The eighth annual conference on Large Hadron Collider Physics (LHCP2020) is one of the important conferences for physics at the LHC. Originally planned to take place in Paris, LHCP is operating as a fully virtual conference this year. The CMS Collaboration has released over 22 new results for LHCP2020. The data collected by the CMS experiment in 2015 through 2018, during LHC Run 2, is proving to be an extremely fruitful source of physics results, with new analyses and techniques continuously being developed and allowing refinement of existing results on a more extensive dataset.
One of the highlights for LHCP2020 are searches for the rare, simultaneous production of multiple W and Z bosons. These events with three heavy gauge bosons have been observed at the LHC with a combined five-sigma observation of VVV production (where V can be either a W or Z boson) that included the evidence for WWW and WWZ production, individually. The study of vector-boson-scattering, where W and Z bosons are produced with two forward jets, has led to the CMS evidence in the ZZ channel. Another first observation reported at LHCP2020 is the production of a W boson and photon in this production mode. The study of vector-boson scattering is an essential step in the understanding of electroweak symmetry breaking, the physics mechanism that is connected to the Higgs boson. These rare and complementary production modes provide essential input on how the Standard Model and the mechanism of electroweak symmetry breaking behave at a high energy scale.
The interactions of many massive bosons also provide important constraints on the four-boson interaction strength, the so-called quartic gauge coupling, which has substantial sensitivity to virtual corrections by new particles. Many other new results on the physics of the W and Z boson have been presented, including the total and fiducial WW boson differential cross sections that provide an interpretation in terms of the Standard Model Effective Field Theory parameters, and precision measurements of the Z/gamma differential cross section in events where these particles are associated with jets.

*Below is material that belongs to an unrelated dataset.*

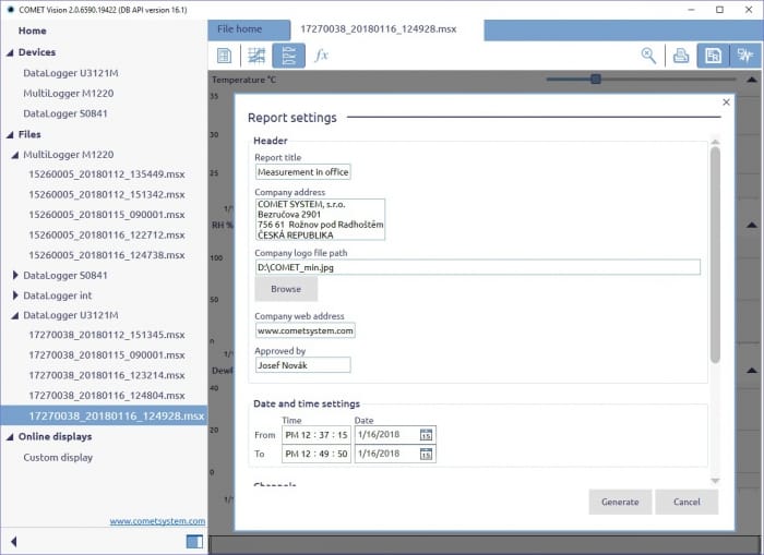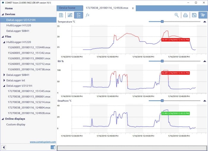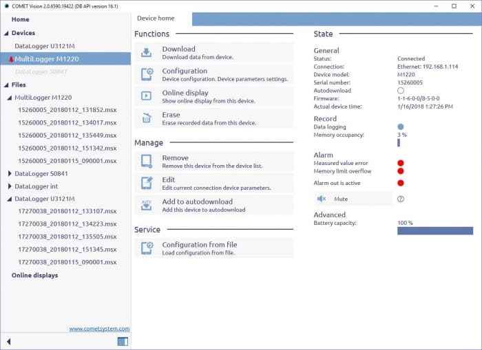 COMET VISION analitična programska oprema za dataloggerje vključučje dataloggerje: Sxxxx, Rxxxx, UxxxxM, Commeters Dxxxx in multiloggerje Mxxxx.

In the flavour sector, the CMS Collaboration has announced the first observation of the decay of the B0s meson to the X(3872) and phi meson. The X(3872) particle is currently under intense study by many experiments. Its nature is still unclear, with hypotheses including a tetraquark or a molecular state of two D mesons explaining the resonance. This is the first time X(3872) is observed in the decay of a neutral Bs meson, a particle containing a bottom quark and strange quark, providing essential input to the nature of this mysterious resonance. A refined measurement of the double resonance interpreted as the Bc+(2S) and Bc∗+(2S) particles has also been released for LHCP2020, providing more information on the relative contributions of the two particles after their first observation in 2019 by the CMS Collaboration.
The physics of the top quark is, as always, a fruitful field for the ever-increasing precise study of the Standard Model and new analysis techniques. CMS physicists have expanded the knowledge of top quark pair differential cross sections to the boosted regime at particle and parton level, providing crucial information on the understanding of the kinematic behaviour of the heaviest known elementary particle. A new measurement of the top quark Yukawa coupling from top quark kinematic distributions in the dilepton final state has also been released.

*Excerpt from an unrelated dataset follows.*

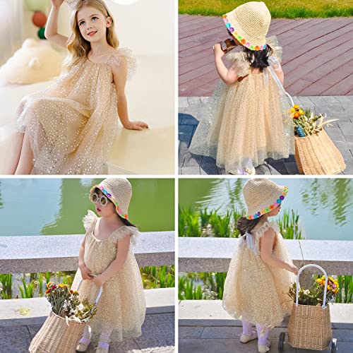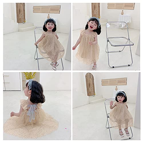 AGQT Infant Girls Tulle Tutu Dress Flutter Sleeve Layered Summer Babydoll Birthday Tea Party Gowns Baptism Christening Pageant Sundress Gold Apricot-Sequin Dot Size 6-12 Months

The study of the Higgs particle is a dynamic topic, with new results by the CMS Collaboration on the production of Higgs bosons at large Lorentz boosts, including differential cross sections. Another new result sets limits on the extremely rare decay of the Higgs particle into a Z boson together with a rho or phi meson. Searches for additional Higgs bosons have also been presented, including first such bounds for a heavy Higgs boson decaying to two light pseudoscalar Higgs bosons. The Higgs has also been studied in its decay to low-mass dilepton pairs, providing an interpretation in dark photon and axion models.
A powerful search for long-lived particles decaying to jets has been shown first at LHCP2020. This analysis sets competitive limits in a large range of models predicting displaced hadronic signatures at the LHC. New searches for supersymmetric top quark partners and gluino cascade decays into boosted hadronic Z bosons and missing transverse momentum have also been released for LHCP2020. Also in the case where the new physics model is not known, CMS physicists ensure that no stone is left unturned with the Model Unspecific Search in CMS (MUSiC) that has shown limits for the first time on the data collected in 2016.

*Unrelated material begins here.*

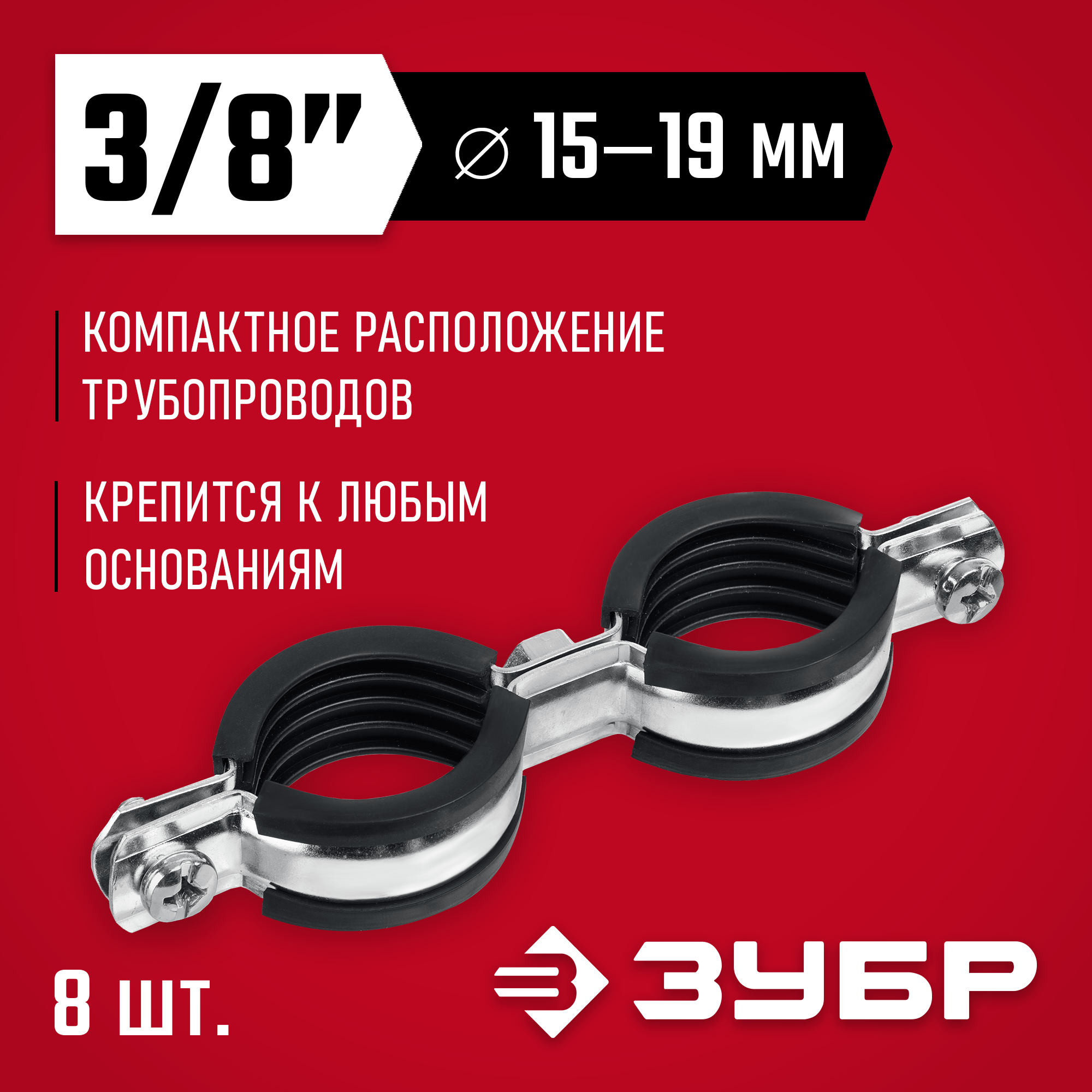 Для крепления труб различного назначения диаметром 15-19 мм при помощи шпильки с резьбой М8 (в комплект не входит)

Other important results released for the LHCP2020 conference include new tunes for the Herwig event simulation program that is essential for most other LHC results and multiple new measurements of the Z boson in lead-lead and lead-proton collisions. A new result combines data from the CMS and TOTEM experiments and studies the strong interaction in LHC proton-proton collisions where the protons do not necessarily fracture into many particles, probing the hard colour-singlet exchange in dijet events with a large rapidity gap and with or without a leading proton.
Despite the challenging times that the COVID-19 constraints create for society, the extremely diverse and high-quality physics results presented at the LHCP2020 conference are evidence of the resilience of the CMS Collaboration under demanding circumstances. There are still many mysteries to be uncovered in the LHC data, and the new results show that the CMS Collaboration is set to produce precise and novel results with the large dataset expected for LHC Run 3 and the High Luminosity LHC.